The ‘at risk’ practitioner isn’t necessarily an obstetrician about to embark upon an emergency procedure, it can simply be the person staring at a normal ECG or unable to don their surgical gloves. Worse, it might be the person in the hospital car park, catatonic with dread, that is at most risk. We know that this problem is ubiquitous and increasing, particularly for junior doctors due to what has been named the Toxic Environment of Uncertainty. In their earlier school and university days there was always a solution and they would find it. In our chaotic world of 21st-century medicine with its multifactorial problems, understaffing and budgetary restrictions, they can crumble all too easily. We need to do much better here.

Plato’s Cave

Imagine that you are in a cave. You and others are chained to a wall within the cave, facing its back wall. Onto it, project the silhouettes of the outside world. This is all you have ever known. Those dancing black-and-white shadows are your comprehension of the world. One day, a mysterious individual comes and unchains you. He takes you outside and demonstrates reality. Life in all its variety, colours and dimensions is revealed to you for the first time. This, of course, is overwhelming and extraordinary. Suddenly, you are brought back into the cave and, once more, chained to the wall. “Where have you been?” asks one of your companions. “I’ve been outside” you reply. “But there is no outside,” he laughs. With increasing desperation, you explain that the shadows visible on the cave wall are simply that; a two-dimensional reflection of our three-dimensional world. The allegorical story illustrates the philosopher’s frustration when she has an epiphany into the cosmos’s workings. Despite her protestations, those around her dismiss her as a lunatic. Such is the philosopher’s lot. However, I would suggest that Plato’s cave also works as a metaphor for radiology. The shadows that we see on the wall aren’t real, but simply represent the sketchy shadows of our actual patients. So, it’s to Radiology next that we turn.

Part 3: Radiology

A question I occasionally ask non-clinical medical colleagues is, ‘What did your mobile phone look like when you were last on call in an acute hospital?’ That telephonic metaphor: the older the phone; the quainter the view of radiology, reflects the rapid advances made due to Gordon Moore and his eponymous law, to which I shall return.

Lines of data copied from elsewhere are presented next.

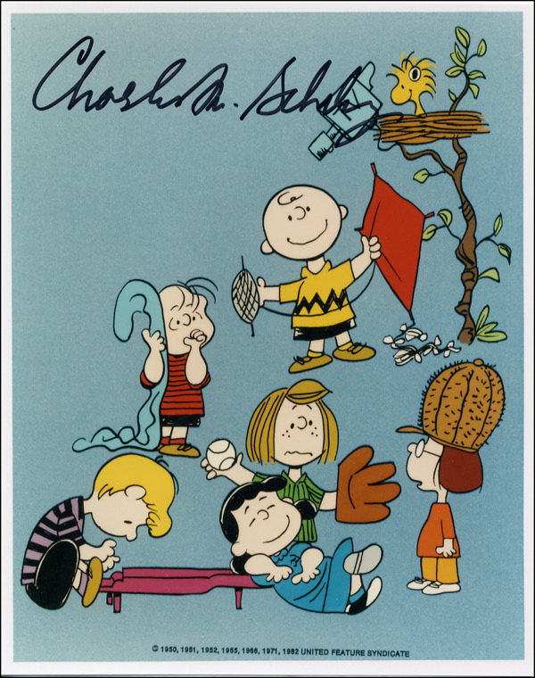 Great color glossy 8 x 10 photo of seven Peanuts characters, including Charlie Brown, Linus and Peppermint Patti, signed across the top in black felt tip, “Charles M. Schulz.” In fine condition. R&R COA.
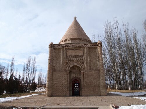 Not far out of Taraz I popped in briefly to look at the Aysha Bibi mausoleum, apparently the burial site of Kazakhstan’s answer to Romeo and Juliet:
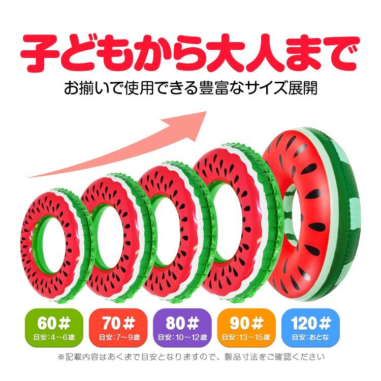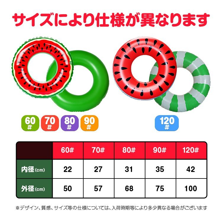 ◆スイカ浮き輪 カラフルうきわ PVC素材 子供用/大人用 60#/70#/80#/90#/120# リング型 フロート おしゃれ かわいい 夏 海水浴 川遊び 波のりプール 流れるプールに【90#】SIKUKW10
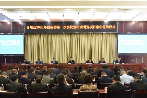 4月19日,青川县 2024 年投促委首次全体(扩大)会议暨招商引资项目集中签约仪式于行政中心举行。此次会议旨在对一季度招商项目进行集中签约,总结2023年招商引资工作,剖析当前形势,并对下一阶段工作做出安排部署。县委副书记、县长程远泽出席会议并讲话。
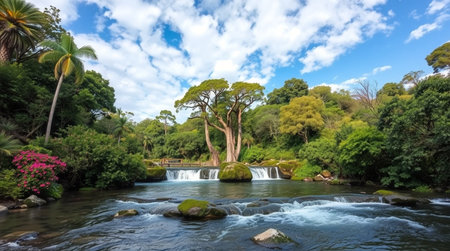 Panoramic view of a beautiful waterfall in the botanical garden of San Miguel de Allende, Mexico
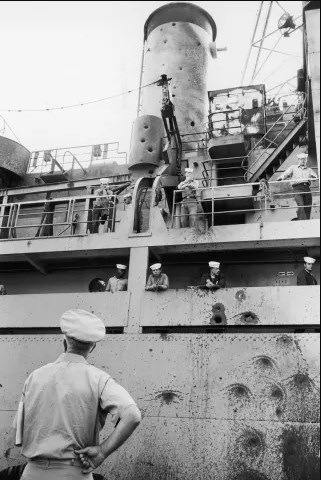 • Bu ilk saldırıdan sonra anten, radar… iletişim ve dinleme için kullanılan ne varsa tahrip olmuştu ama geminin gövdesi ve makine dairesi sağlamdı. Bomardıman sırasında Amerikan bayrağı yanmıştı. Kaptan yeni ve daha büyük bir bayrak çektirdi.
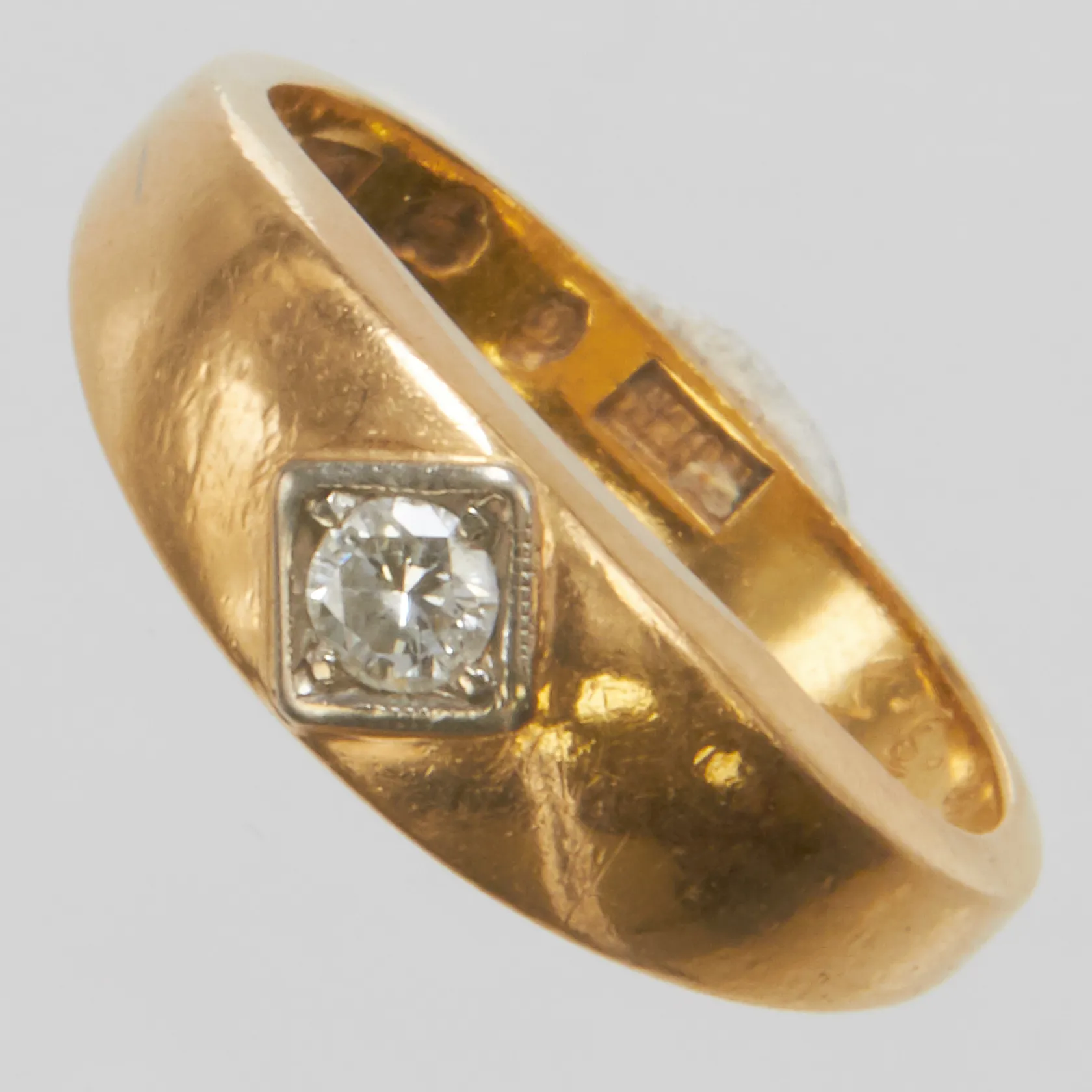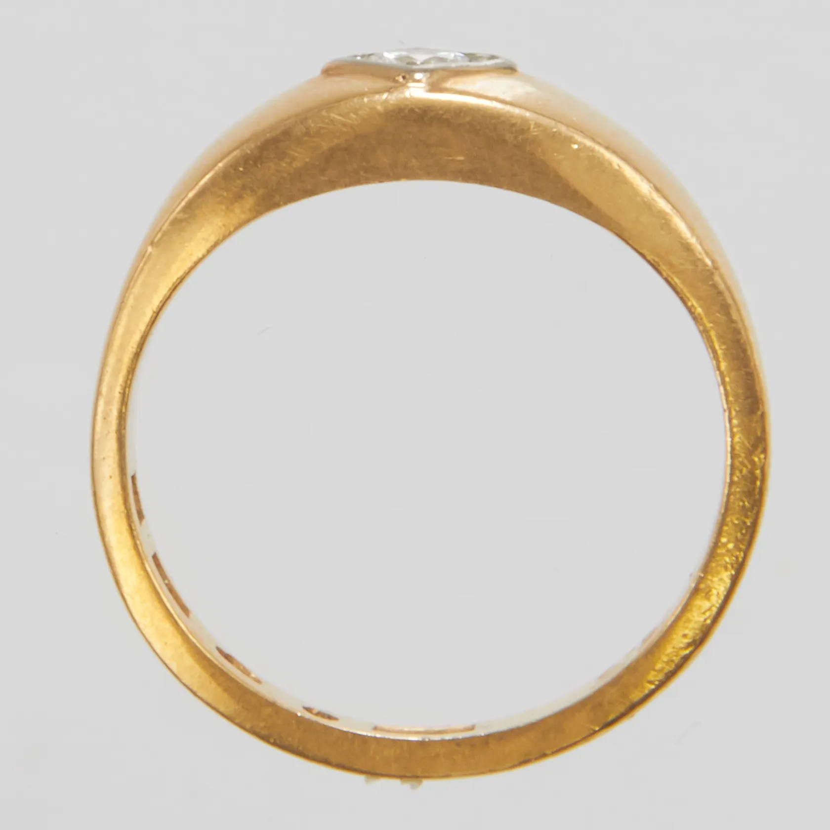 Ring briljantslipad diamant ca 0,09ct Ø17½ bredd:3-6,5mm år 1932 gravyr 20K. Vikt: 7,3 g.
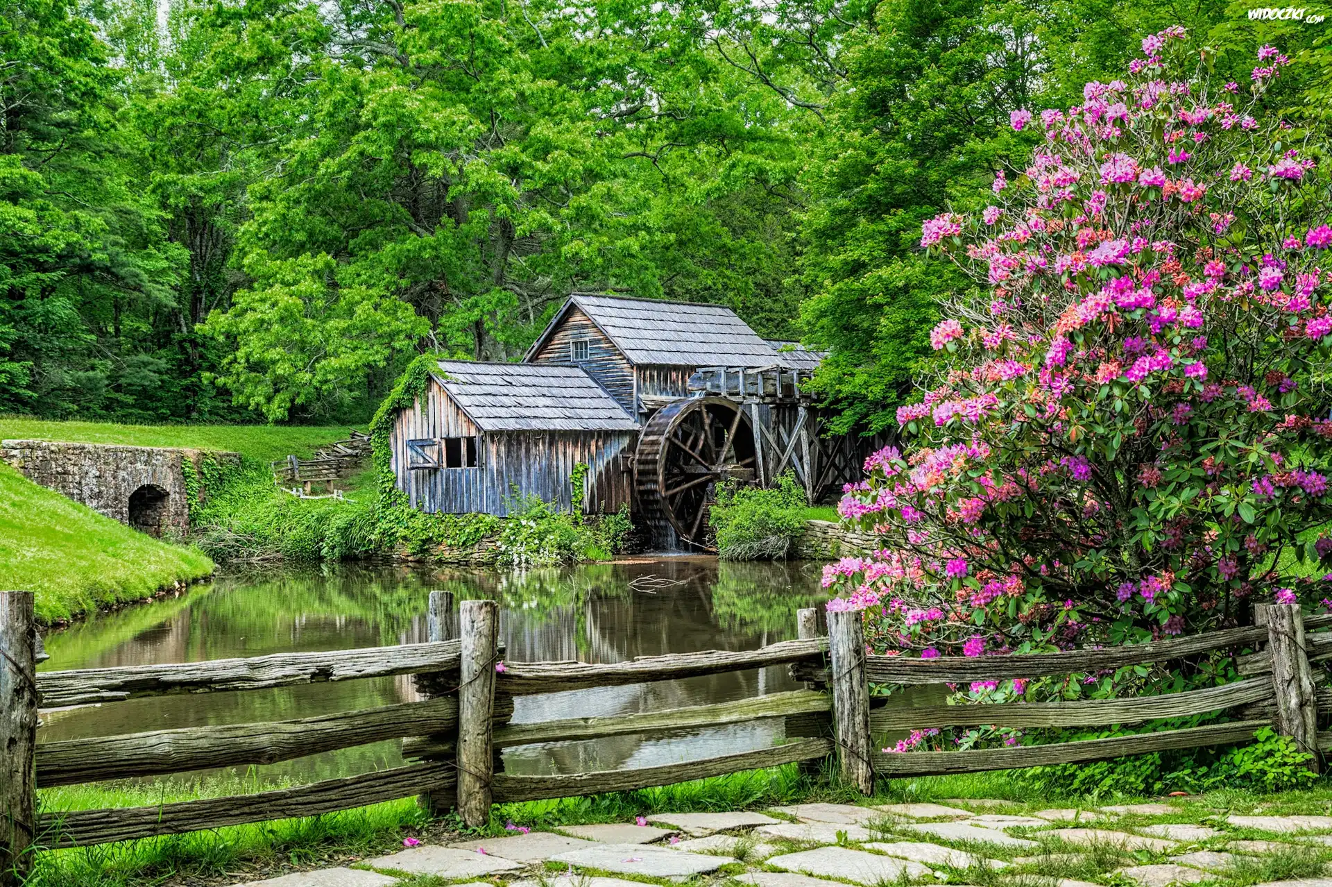 Zdjęcia, Zabytkowy, Młyn, Mabry, Mill, Wirginia, Stany, Zjednoczone, Rzeka

When I qualified, the dictum was, ‘This patient is too sick to go to radiology.’ Now it’s, ‘This patient is too sick not to go to radiology.’ Radiology is technologically driven and is advancing ever faster. Godfrey Hounsfield’s first CT brain image took hours to produce but now an abdominal CT takes about 20 seconds.

Discrepancy and Error

Radiology is primarily a visual medical specialty operating on the basis of pattern recognition. It helps to understand the code. In this 15 th century woodcut by Albrecht Durer, one sees Adam and Eve in the Garden of Eden. But if one looks carefully, the artist has included symbols of both allegory and The Four Humours. (Fig 1a, and b. Adam and Eve in the Garden of Eden, Albrecht Dürer,) There are several animals. There is a parrot, an ox, an elk, a goat, a cat, a mouse and a rabbit. The artist’s contemporaries would have understood this code. The parrot’s call was believed to sound like ‘Eva Ave’ (‘Hail Mary’) and the bird, symbolic of the Virgin Birth. The goat represents the Bible’s scapegoat, ritually burdened and routinely banished. The others are the four humors: the elk is black bile or melancholia; the cat is choleric or yellow bile; the rabbit is blood and the ox, phlegm. Durer is telling us that the four humours are momentarily balanced, and the goat is still on his hill; representing a moment of perfection and harmony. Not knowing this code is termed an error of cognition.

Fig 1a.

Fig 1a

Adam and Eve

Fig 1b.

Fig 1b

Adam and Eve decoded

Now let us consider errors of perception. Here are two chest radiographs, each concealing a cancer. The question is: where is it? In this first case, there is loss of normal apical symmetry. (Fig 2 a,b,c. Left apical tumour). This is not unusual and is often quite innocent. A second, simple, apical view demonstrates however that there is a mass. The subsequent CT confirms this and no doctor in this room would miss it. In the second case, all appears well. (Fig 3. a, b. Right basal tumour). There is however a concealed ten-centimetre tumour at the right lung base, where there is a density that shouldn’t be there. Again, the CT makes it obvious.

Fig 2a.

Fig 2a

left Apical Tumour, chest radiograph

Fig 2b.

Fig 2b

left Apical Tumour, apical projection

Fig 2c.

Fig 2c

left Apical Tumour, CT imag

Fig 3a.

Fig 3a

Right Basal Tumour, chest radiograph

Fig 3b.

Fig 3b

Right Basal Tumour CT

Sometimes though, we see things that simply aren’t there. Unsurprisingly, if you look at a chest radiograph for less than five seconds, you will miss things. However, if you look for more than 60 seconds you may start to imagine shapes that aren’t there. This phenomenon is called Pareidolia. Pareidolia is our tendency to interpret a vague stimulus as something known to the observer, such as seeing shapes in clouds, seeing faces in inanimate objects or abstract patterns, or hearing hidden messages in music. It is not confined to humans. Scientists have for years programmed computers to use visual clues to ‘see’ faces and other images.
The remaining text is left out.